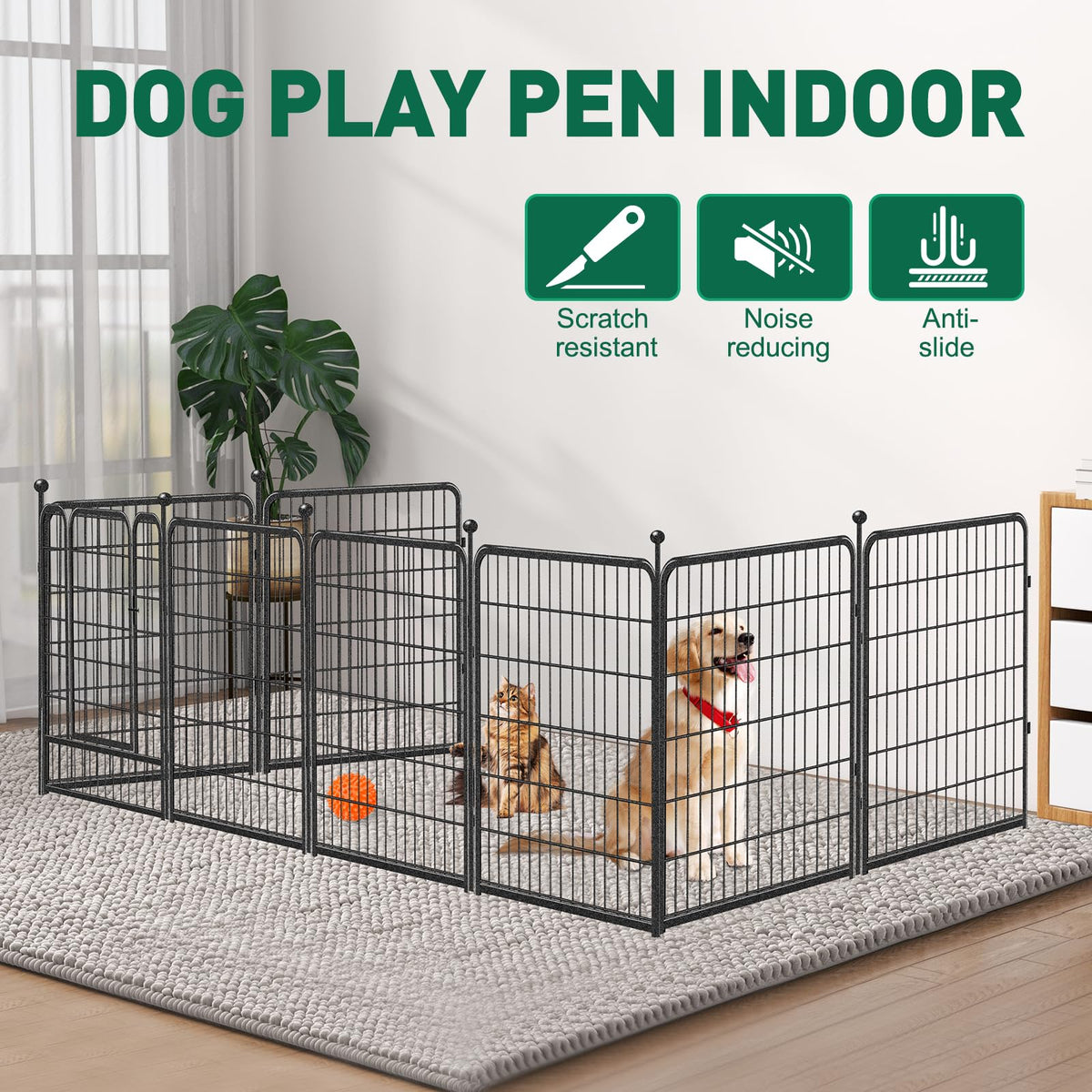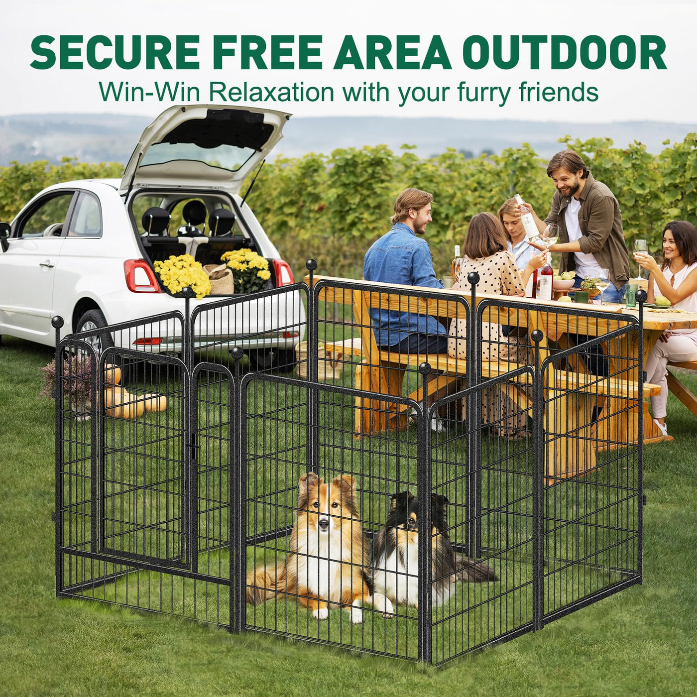 Dog Playpen Outdoor, 8 Panels 40' High Heavy Duty Metal Dog Pen, Pet Fence For Large/Medium/Small Dogs, With Doors Foldable Met
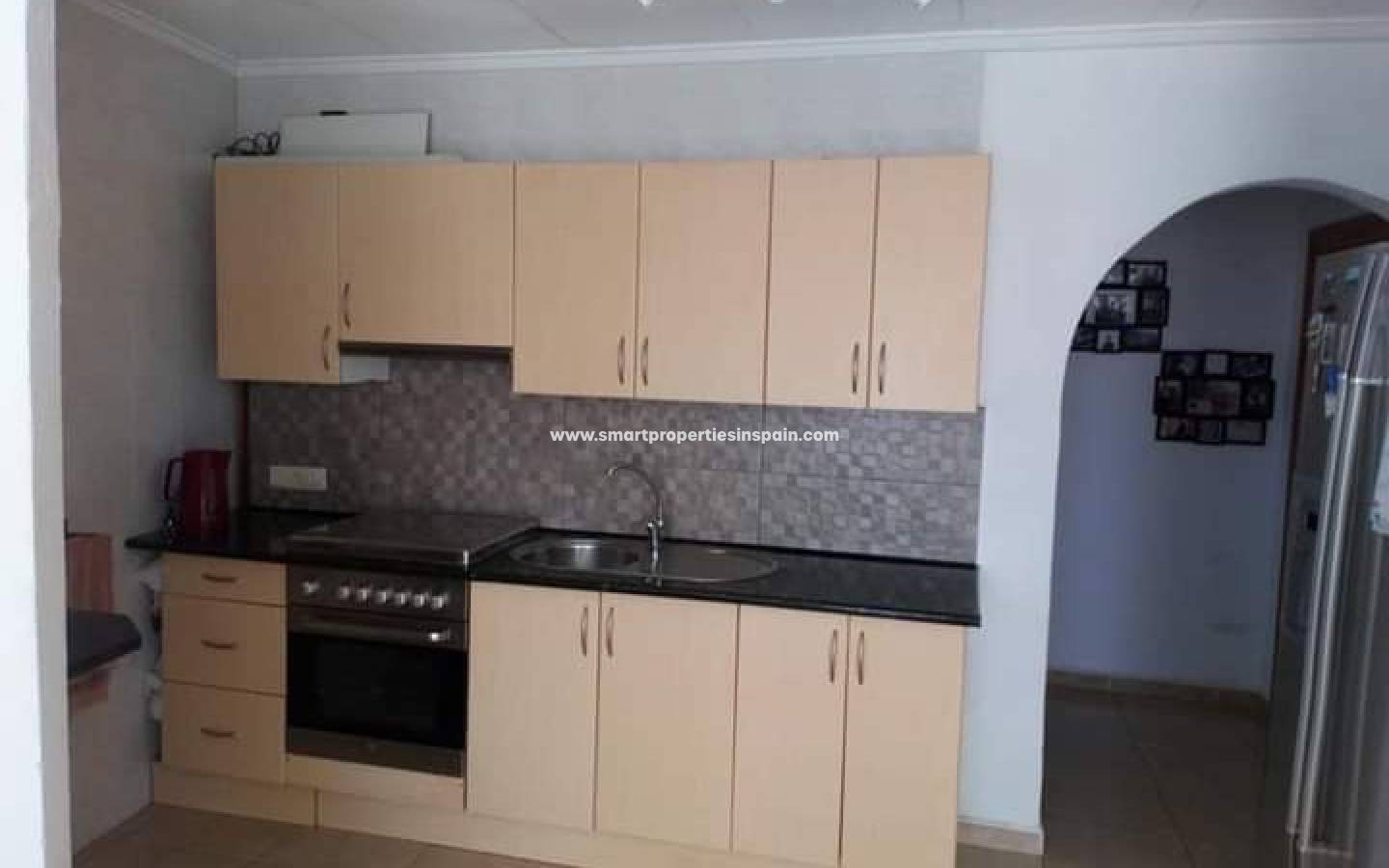 Das Gästehaus im Finca-Stil verfügt über einen völlig unabhängigen Eingang und einen eigenen Parkplatz, 3 geräumige Schlafzimmer, einen sehr hellen offenen Ess-/Wohn-/Küchenbereich und ein Badezimmer. Es gibt Schiebetüren zu einer sehr sonnigen Terrasse, wo Sie Ihr Frühstück und vieles mehr genießen können. Eine Außentreppe führt hinauf zu einem sehr großen Solarium, das ebenfalls eine wunderbare Aussicht bietet und auch der potenzielle Ort ist, um die beiden Grundstücke zu verbinden, wenn Sie dies wünschen.
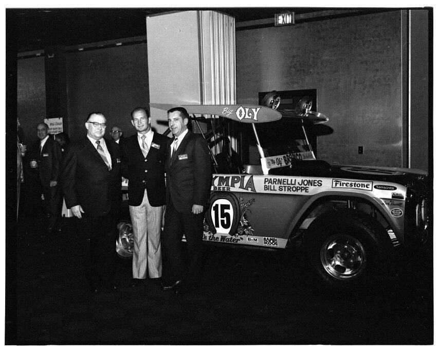 Negative, sheet film. 2 x 3 b&w. 72.131. Olympia brewery sponsored "Big Oly" race car (in races like Baja 500) driven by Parnelli Jones and Bill Stroppe. Jones is man in dark jacket and striped pants. No ID on others. Unknown location.Name/Title
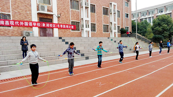 為更好的開展冬季體育運動,增強學生的體質(zhì),培養(yǎng)學生團結(jié)、拼搏的精神,12月27日下午,南昌現(xiàn)代外國語學校(象湖校區(qū))小學部舉行了一場“跳出健康、跳出快樂”為主題的冬季跳繩比賽。
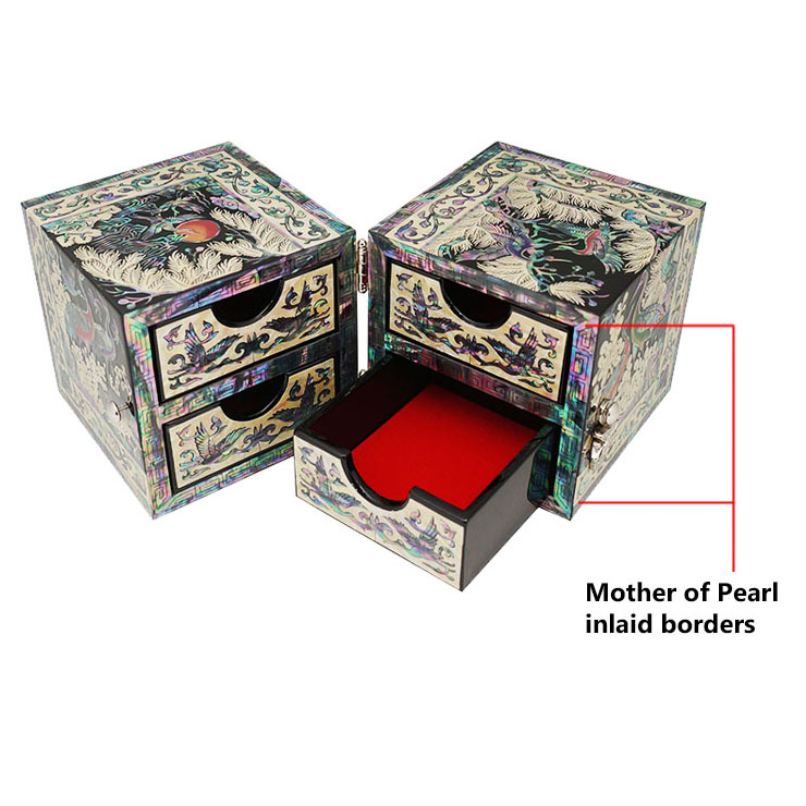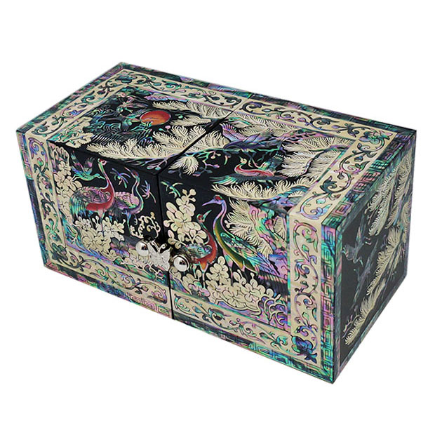 Mother of Pearl Twin Cubic Secret Jewelry Box with Crane Pine Tree
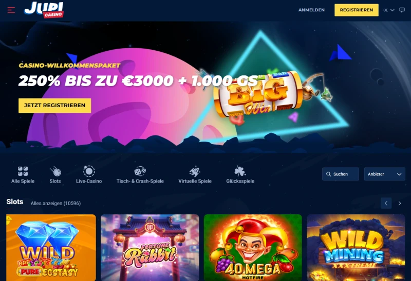 Wir haben unser Casino darauf ausgerichtet, aufregendes und verlässliches Online-Spiel zu bieten. Greifen Sie auf mehr als 11.000 Titel zu — von traditionellen Slots über moderne Crash-Spiele bis hin zu authentischen Live-Tischen — und entdecken Sie ständig Neues. Alle Spiele bei Casino Jupi Deutschland stammen von Top-Anbietern und funktionieren einwandfrei auf jedem Gerät, sodass Sie Desktop, Tablet oder Handy für Drehungen, Einsätze und Gewinne nutzen können.
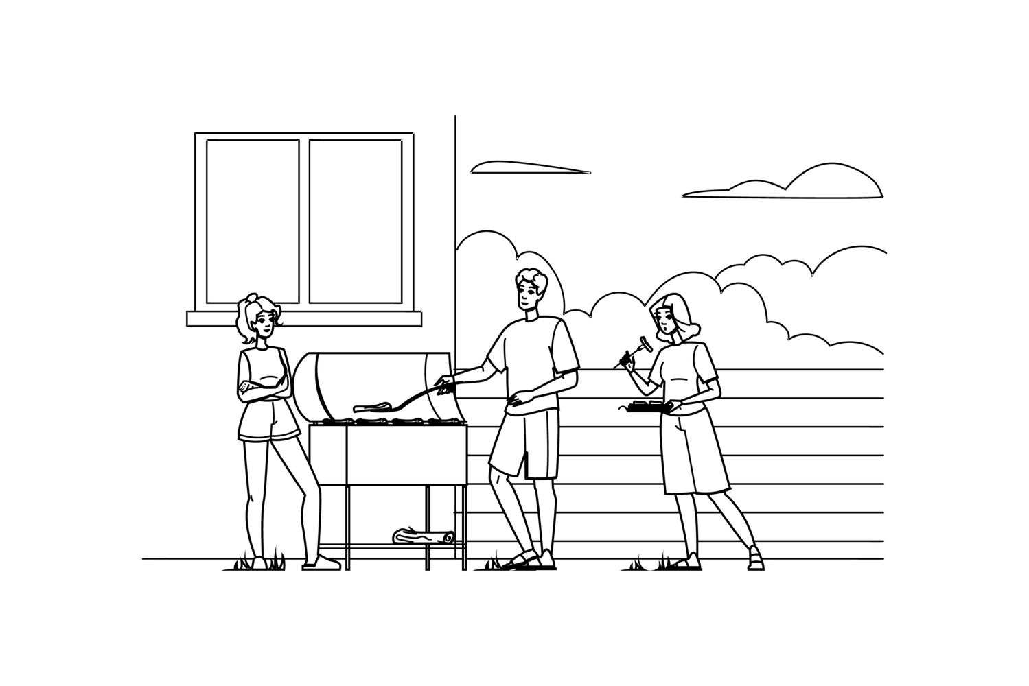 food outdoor cooking vector. grill bbq, party meat, barbecue barbeque food outdoor cooking character. people black line pencil drawing illustration

- [Problem]: Your copy must match the records above exactly, apart from the pictures, which are excluded.

- [Your solution]:
 Dog Playpen Outdoor, 8 Panels 40' High Heavy Duty Metal Dog Pen, Pet Fence For Large/Medium/Small Dogs, With Doors Foldable Met
 Das Gästehaus im Finca-Stil verfügt über einen völlig unabhängigen Eingang und einen eigenen Parkplatz, 3 geräumige Schlafzimmer, einen sehr hellen offenen Ess-/Wohn-/Küchenbereich und ein Badezimmer. Es gibt Schiebetüren zu einer sehr sonnigen Terrasse, wo Sie Ihr Frühstück und vieles mehr genießen können. Eine Außentreppe führt hinauf zu einem sehr großen Solarium, das ebenfalls eine wunderbare Aussicht bietet und auch der potenzielle Ort ist, um die beiden Grundstücke zu verbinden, wenn Sie dies wünschen.
 Negative, sheet film. 2 x 3 b&w. 72.131. Olympia brewery sponsored "Big Oly" race car (in races like Baja 500) driven by Parnelli Jones and Bill Stroppe. Jones is man in dark jacket and striped pants. No ID on others. Unknown location.Name/Title
 為更好的開展冬季體育運動,增強學生的體質(zhì),培養(yǎng)學生團結(jié)、拼搏的精神,12月27日下午,南昌現(xiàn)代外國語學校(象湖校區(qū))小學部舉行了一場“跳出健康、跳出快樂”為主題的冬季跳繩比賽。
 Mother of Pearl Twin Cubic Secret Jewelry Box with Crane Pine Tree
 Wir haben unser Casino darauf ausgerichtet, aufregendes und verlässliches Online-Spiel zu bieten. Greifen Sie auf mehr als 11.000 Titel zu — von traditionellen Slots über moderne Crash-Spiele bis hin zu authentischen Live-Tischen — und entdecken Sie ständig Neues. Alle Spiele bei Casino Jupi Deutschland stammen von Top-Anbietern und funktionieren einwandfrei auf jedem Gerät, sodass Sie Desktop, Tablet oder Handy für Drehungen, Einsätze und Gewinne nutzen können.
 food outdoor cooking vector. grill bbq, party meat, barbecue barbeque food outdoor cooking character. people black line pencil drawing illustration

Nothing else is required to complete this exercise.